Abstract: Purpose Gedatolisib potently targets all four class I PI3K isoforms and mTORC1 and mTORC2 to comprehensively block the PI3K/AKT/mTOR pathway and has shown compelling activity in early clinical trials with palbociclib and fulvestrant. Methods This phase III randomized trial (VIKTORIA-1; ClinicalTrials.gov identifier: NCT05501886) evaluated the efficacy of gedatolisib-based therapy, comparing gedatolisib, palbociclib, and fulvestrant (gedatolisib triplet) and gedatolisib plus fulvestrant (gedatolisib doublet) with fulvestrant monotherapy in patients with hormone receptor-positive, human epidermal growth factor receptor 2-negative (HER2-), PIK3CA wild-type (WT) advanced breast cancer. Eligible patients had disease progression during or after CDK4/6 inhibitor and aromatase inhibitor treatment.
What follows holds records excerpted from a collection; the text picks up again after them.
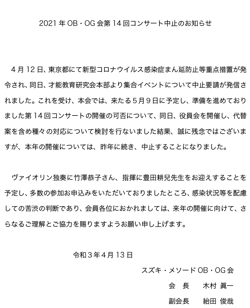 スズキ・メソード OB ·OG会 会長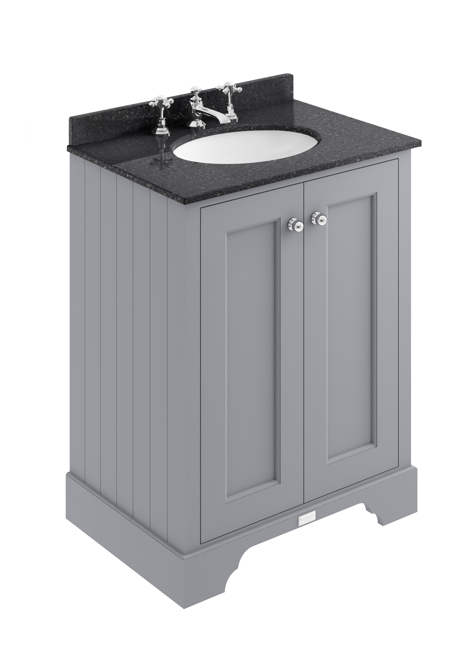 Bayswater 600mm 2-Door Cab With 3 Tap Hole Black Marble Top Basin - Plummett Grey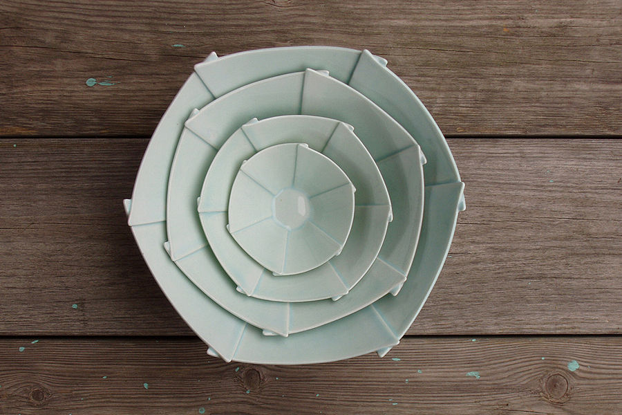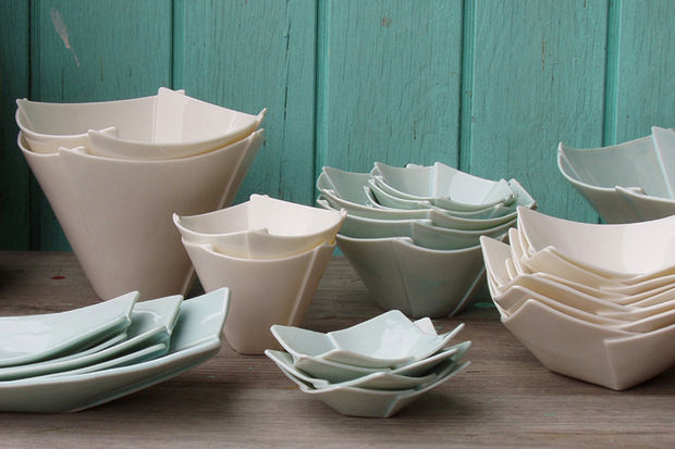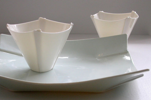 Doch auch die Porzellanmasse wird fein ausgerollt wie ein Kuchenteig, zurecht geschnitten und dann wie ein Papierbogen gefaltet. Das erfordert bei diesem eigenwilligen Material einiges an Fingerspitzengefühl. Dort wo die einzelnen Porzellanflächen zusammengefügt sind bilden sich Konturen als ein feines Muster. Jedes Stück wird einzeln von Hand gearbeitet, womit sich innerhalb der Serie minimale Abweichungen der einzelnen Stücke ergeben. Pia Baastrup braucht ungefähr drei bis vier Mal so viel Zeit um ein Objekt herzustellen, als wenn sie das Porzellan giessen oder drehen würde.

Comparison of progression-free survival as assessed by blinded independent central review for gedatolisib triplet versus fulvestrant and gedatolisib doublet versus fulvestrant was the primary objective. Results A total of 392 patients were randomly assigned 1:1:1. The median study follow-up was 10.1 months. The median progression-free survival was 9.3 months in the gedatolisib-triplet group, 2.0 months in the fulvestrant group (hazard ratio [HR] for progression or death, 0.24 [95% CI, 0.17 to 0.35]; P < .001), and 7.4 months in the gedatolisib-doublet group (HR, 0.33 [95% CI, 0.24 to 0.48]; P < .001 v fulvestrant). Grade >= 3 treatment-related adverse events (TRAEs) reported in the gedatolisib-triplet and gedatolisib-doublet groups, respectively, included neutropenia (62.3%, 0.8%), stomatitis (19.2%, 12.3%), rash (4.6%, 5.4%), hyperglycemia (2.3%, 2.3%), and diarrhea (1.5%, 0.8%). Study treatment discontinuation because of TRAEs was reported in 2.3% (triplet) and 3.1% (doublet) of patients. Conclusion The addition of gedatolisib to fulvestrant, with or without palbociclib, significantly reduced the risk of disease progression or death in patients with hormone receptor-positive/HER2-, PIK3CA WT advanced breast cancer.